I just ran into the very same problem and I think I've got a solution for you.
As you just said, the problem is that the gSoap hangs on soap_serve. This happens because gSOAP generates an internal loop for you that waits for the arrival of all keep-alive requests OR a timeout on the server-side arises.
What I've done is grabbing the soap_serve function inside the automatically generated service stub. I'm going to list the original soap_serve function so that you can find it on your service stub file :
SOAP_FMAC5 int SOAP_FMAC6 soap_serve(struct soap *soap)
{
#ifndef WITH_FASTCGI
unsigned int k = soap->max_keep_alive;
#endif
do
{
#ifdef WITH_FASTCGI
if (FCGI_Accept() < 0)
{
soap->error = SOAP_EOF;
return soap_send_fault(soap);
}
#endif
soap_begin(soap);
#ifndef WITH_FASTCGI
if (soap->max_keep_alive > 0 && !--k)
soap->keep_alive = 0;
#endif
if (soap_begin_recv(soap))
{ if (soap->error < SOAP_STOP)
{
#ifdef WITH_FASTCGI
soap_send_fault(soap);
#else
return soap_send_fault(soap);
#endif
}
soap_closesock(soap);
continue;
}
if (soap_envelope_begin_in(soap)
|| soap_recv_header(soap)
|| soap_body_begin_in(soap)
|| soap_serve_request(soap)
|| (soap->fserveloop && soap->fserveloop(soap)))
{
#ifdef WITH_FASTCGI
soap_send_fault(soap);
#else
return soap_send_fault(soap);
#endif
}
#ifdef WITH_FASTCGI
soap_destroy(soap);
soap_end(soap);
} while (1);
#else
} while (soap->keep_alive);
#endif
return SOAP_OK;
}
You should extract the body of this function and replace your old soap_serve(mySoap) call inside your thread (the thread that performs the requests and hagns because of the keep-alive) with the following:
do
{
if ( Server::mustShutdown() ) {
break;
}
soap_begin(mySoap);
// If we reached the max_keep_alive we'll exit
if (mySoap->max_keep_alive > 0 && !--k)
mySoap->keep_alive = 0;
if (soap_begin_recv(mySoap))
{ if (mySoap->error < SOAP_STOP)
{
soap_send_fault(mySoap);
break;
}
soap_closesock(mySoap);
continue;
}
if (soap_envelope_begin_in(mySoap)
|| soap_recv_header(mySoap)
|| soap_body_begin_in(mySoap)
|| soap_serve_request(mySoap)
|| (mySoap->fserveloop && mParm_Soap->fserveloop(mySoap)))
{
soap_send_fault(mySoap);
break;
}
} while (mySoap->keep_alive);
Note the following:
- The Server::mustShutdown() acts as a flag that will be set to true (externally) to end all the threads. When you want to stop the server from handling new requests you'll this function will return true and the loop will end.

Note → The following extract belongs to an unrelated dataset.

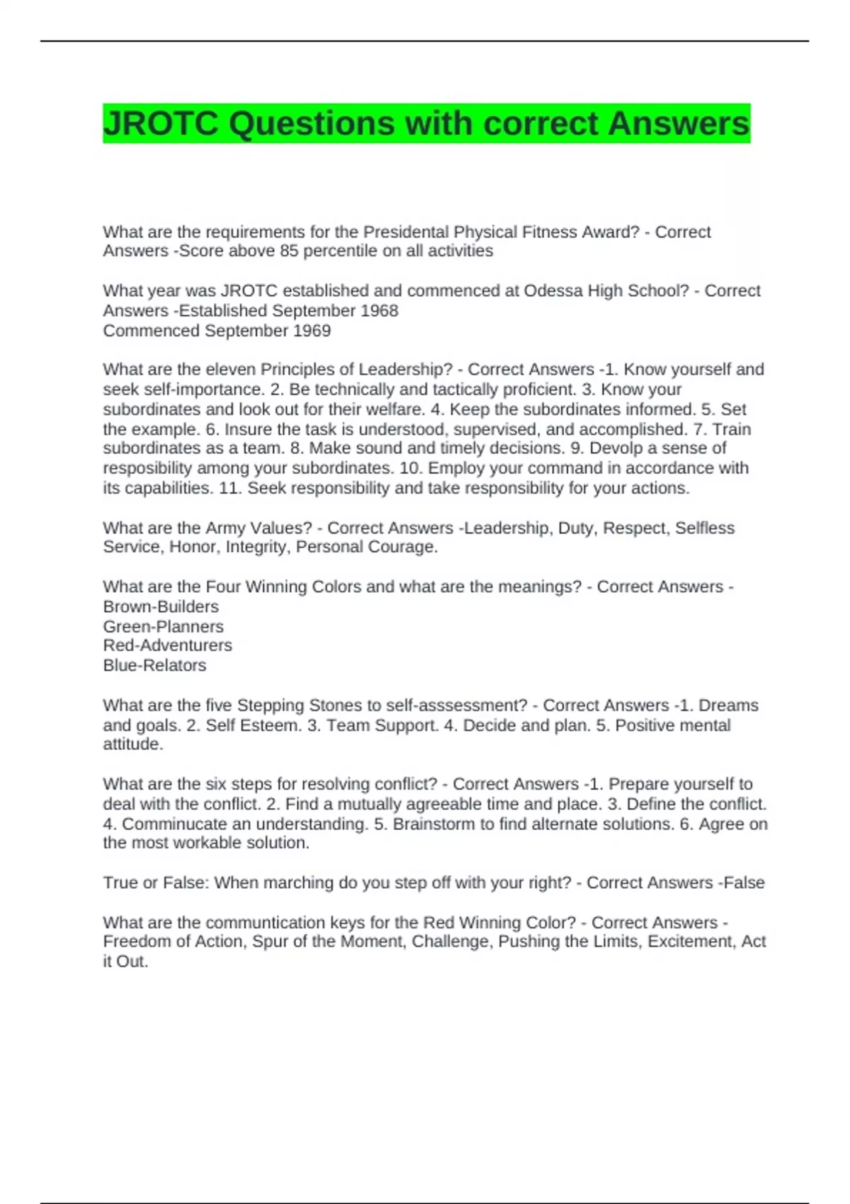 JROTC Questions with correct Answers

- I've removed the ifdef, WITH_FASTCGI it's not interesting for us now.
- When the you close the connection like this, any clients connected to the server will raise an exception. Clients written in C# for instance will throw a "The underlying connection is excepted to keep alive was closed by the server" wich makes perfect sense for us.
But we are not done yet, thanks to what AudioComplex pointed out, the system still remains waiting for reqeuests on soap_begin_recv. But I've got a solution for that too ;)
Each of the threads on the connection-handling pool creates a copy of the main soap context (via soap_copy), these threads are the ones that
I store each of these contexts as an element on the array that resides on the main connection-handling thread.
When terminating the main connection-handling thread (the one that serves the requests) it will go through all soap contexts and finalize "manually" the connection by using:
for (int i = 0; i < soaps.size(); ++i) {
soaps[i]->fclose(soaps[i]);
}
This will force the soap_serve loop to finish. It actually will stop the internal loop near line 921 of stdsoap2.cpp_
r = select((int)soap->socket + 1, &fd, NULL, &fd, &timeout);
It is not the cleanest solution (haven't found a cleaner one) but it will definitely stop the service.